▸ **Data section**
·····

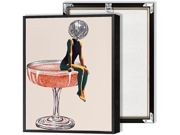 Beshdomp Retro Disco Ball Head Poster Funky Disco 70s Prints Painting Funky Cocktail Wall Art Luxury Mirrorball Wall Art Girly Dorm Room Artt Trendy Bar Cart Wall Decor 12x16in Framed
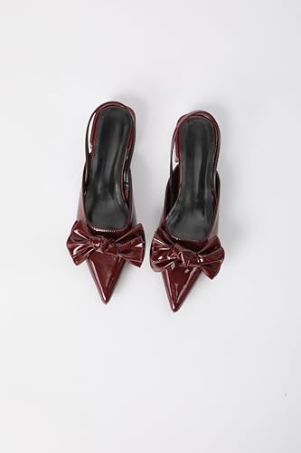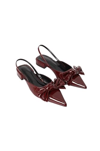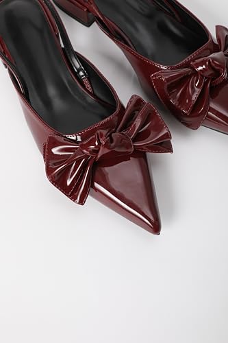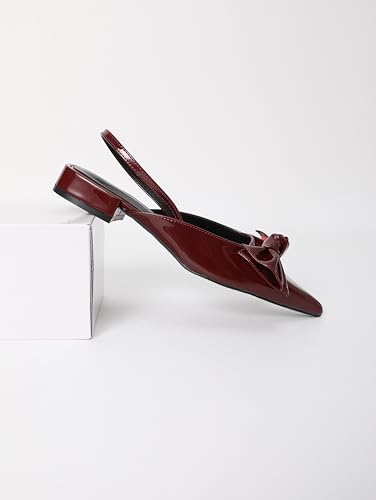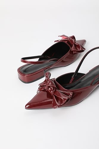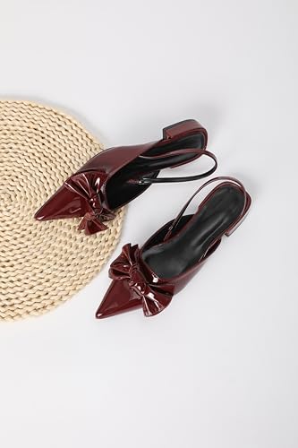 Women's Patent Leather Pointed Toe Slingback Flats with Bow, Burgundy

·····

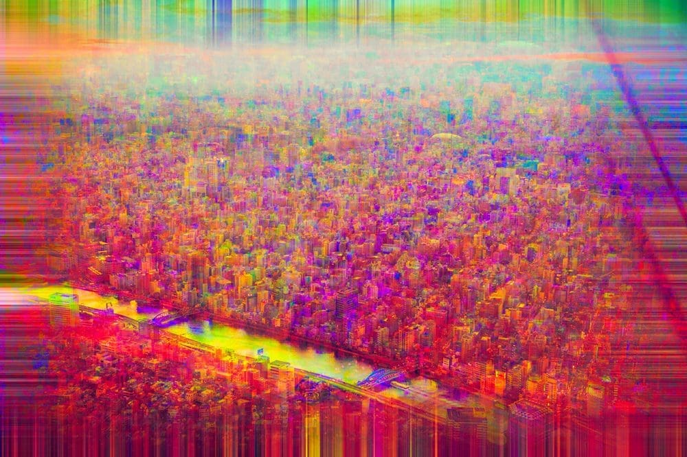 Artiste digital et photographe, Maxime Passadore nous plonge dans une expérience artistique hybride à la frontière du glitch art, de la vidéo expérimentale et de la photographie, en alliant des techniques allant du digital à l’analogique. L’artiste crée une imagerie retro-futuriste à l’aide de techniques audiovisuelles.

·····

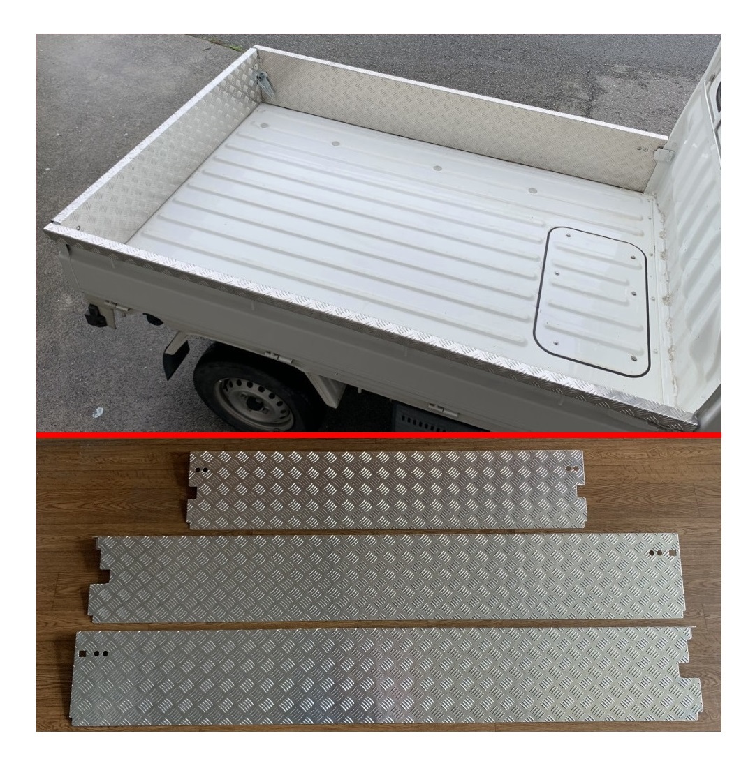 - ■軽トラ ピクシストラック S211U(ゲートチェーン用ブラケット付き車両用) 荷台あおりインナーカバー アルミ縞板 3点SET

·····

▸ **Work request**
When copying from the data above, begin at the line containing "Beshdomp Retro Disco" and end at the line containing "Women's Patent Leather"; return those lines exactly and leave all pictures behind.

▸ **Your solution**
 Beshdomp Retro Disco Ball Head Poster Funky Disco 70s Prints Painting Funky Cocktail Wall Art Luxury Mirrorball Wall Art Girly Dorm Room Artt Trendy Bar Cart Wall Decor 12x16in Framed
 Women's Patent Leather Pointed Toe Slingback Flats with Bow, Burgundy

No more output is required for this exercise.